Sequoia Capital is raising two funds, one US-based and one global growth fund, according to its new filings with the US Securities Exchange Commission (SEC).
Sequoia Capital last raised a US growth fund in 2014, prior to raising a $950-million US growth fund in 2012. A report from PE Hub, citing Thomson Reuters data, stated that Sequoia Capital raised its first global growth fund in 2012 with a capital of $700 million.
It is likely, based on the latest comments coming from senior members of Sequoia Capital’s management, that Sequoia may focus its investments on growth-stage firms abroad.
In a recent opinion piece published in The Financial Times, Michael Moritz, the chairman of Sequoia Capital and an early investor in Google, YouTube, Yahoo!, expressed concerns regarding valuations of firms in the technology space.
Moritz observed that chronically low interest rates have driven more and more money into venture capital investment, pushing valuations higher and higher. In an interaction with Bloomberg, when asked to comment on the development of a bubble, Moritz opined: “To me, it’s a more rational time than 1999, because I don’t think there’s a sort of universal feeling that every company is going to be a massive success. People are more discriminating.”
He also noted that with the rise of unicorns and decacorns, late-stage investments were “…disguised forms of debt” that were protected because of terms put in by investors, in terms of “…the ratchets, the liquidation preferences.”
The consumer healthcare venture Theranos, which raised $88.4 million to date across five funding rounds, was singled out as an example by Moritz of the current distortion in private valuations. This is a significant distortion in private capital markets that is likely to see significant correction in the near future.
This is reflected in industry sentiments, which are backed by data coming from New York-based venture capital analytics firm CB Insights. In an October brief, they noted that despite a lack of exits among technology ventures, investors continued to infuse capital into them. However, until October 2015, less value was created via exits than money invested.
The aftermath of this bubble collapsing are likely to impact major startup ecosystems worldwide, though the greater effect will be seen in Silicon Valley and the connected US startup ecosystems that have emerged in New York and Boston. With this in mind, Sequoia Capital seems intent on increasing its exposure to Asia Pacific (APAC) growth markets.
Sequoia’s APAC prospects
The APAC has large growth engines like China and India rise to prominence in recent years, alongside Southeast Asia, which is seeing a significant infusion of Japanese capital.
Sequoia Capital is already leveraging on this narrative of growth, when it jointly established a private equity fund with Huatai Securities in June this year. With exposure to the larger middle market segment of venture investment through this fund, the latest VC funds it is raising are targeted at growing its exposure to APAC VC-class assets.
Huatai Securities is China’s fourth largest securities firm, in terms of total and net assets as of the end of 2014. It is engaged in brokerage and wealth management, investment banking, asset management, as well as investment and trading.

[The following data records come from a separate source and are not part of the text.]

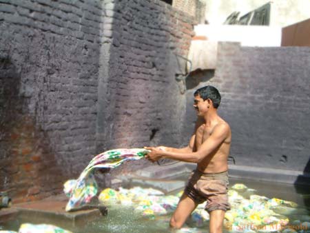 Next, the printed fabrics are washed and beaten to ensure that all of the fixing agents are removed.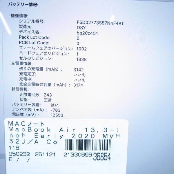 〔CPU〕(第10世代)クアッドコア Intel Core i5 (1.1GHz)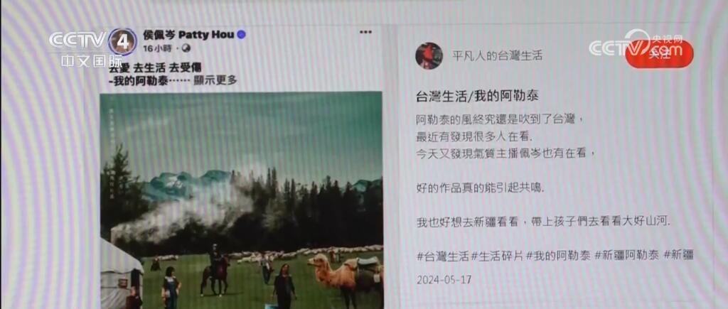 從廣袤無垠的戈壁沙漠到壯麗的天山山脈,再到碧綠的喀納斯湖,新疆的雄偉壯觀的自然美景和豐富多樣的人文風(fēng)情在臺灣經(jīng)常通過各類旅游論壇、網(wǎng)紅游記的分享廣為傳播。而這段時間新疆旅游之所以在臺灣更加火爆,不得不提的就是這部在臺灣也引發(fā)很多關(guān)注的電視劇《我的阿勒泰》。在社交媒體上有臺灣劇迷分享追劇感想,也引來大陸網(wǎng)友熱情分享新疆的美景美食。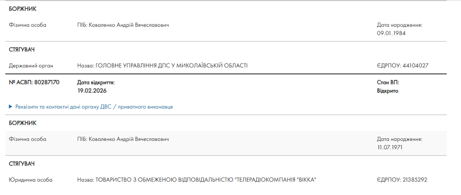 Скриншот ІМІ з автоматизованої системи виконавчих проваджень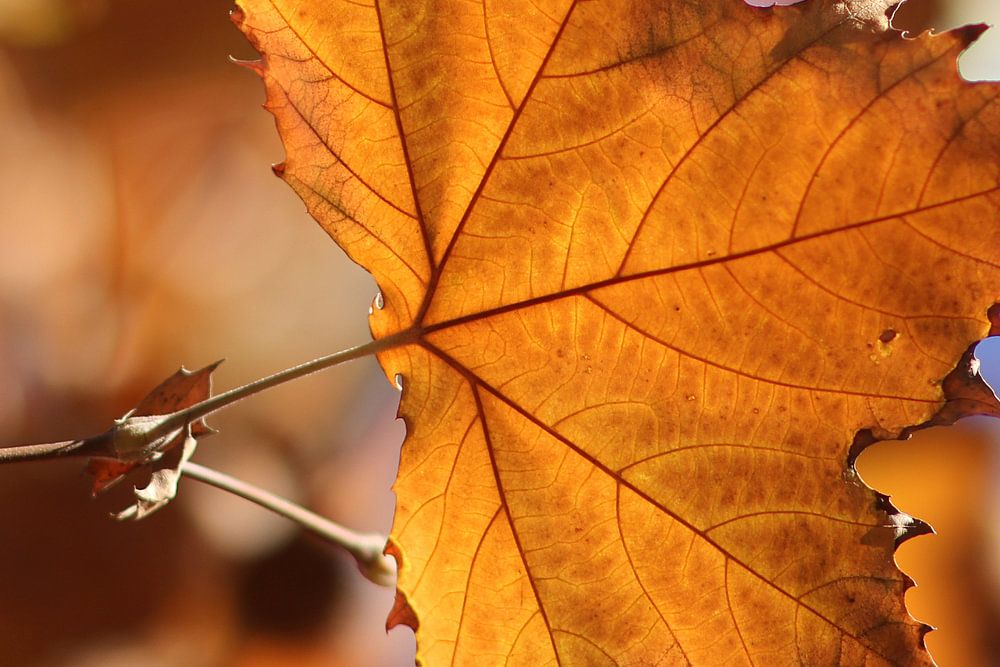 Ein Herbstblatt mit Gegenlicht.

It also floated its shares in Hong Kong earlier this year in June, with its initial public offering (IPO) raising $4.5 billion in funds.
The Wall Street Journal noted that this was the second largest IPO for 2015. Prior to Huatai’s IPO closing, Hong Kong was the fourth-largest IPO venue globally, maintaining listing volumes at $7.2 billion. It was overshadowed by New York where $9 billion was raised.
According to Asia Asset Management, the two firms established a PE fund aimed at raising $1.6 billion to invest in China’s healthcare, consumption, telecommunication, media and technology (TMT), and high-end manufacturing sectors. This joint fund would “…focus on opportunities related to red-chip stocks”, a reference to mainland Chinese firms incorporated outside of the mainland and listed in Hong Kong.
It would also target investments in firms seeking to list in the restricted A-shares market and mainland Chinese enterprises acquiring foreign businesses as part of their growth strategies.
The large demographic shifts occurring in the APAC region, as well as the emergence of larger middle classes with greater purchasing power driving consumption are coupled with significant increases in Internet user populations, smartphone penetration and the rise of hyperlocal e-commerce platforms. This is creating a wealth of opportunities that Sequoia Capital can capitalise on.
Additionally, with the revelation that Sequoia Capital and other VC majors maintain networks of scouts – consisting of a cadre of entrepreneurs and academics – in Silicon Valley to select and invest in startups, this model is likely to be replicated and applied to the much larger communities of startup ventures and related businesses to be found in the Asia Pacific.
Sequoia Capital is hoping to replicate its template for success, refined in the US, in APAC markets. This retargeting of their venture activity reflects a shift by US VCs towards a more international perspective, given the lucrative exits occurring beyond the US. For instance, PE Hub reported that Sequoia’s deal volume in China through early August outpaced venture investing in the US.
According to PE Hub, which cited sources close to the VC firm, the push into APAC markets by Sequoia Capital is built on the assumption that economic developments here will mirror the trends witnessed with Western economies. In Western economies, online services underwent rapid, large-scale adoption, and this is reflected in the Sequoia dealbook, with the majority of transactions involving a digital marketplace or online services.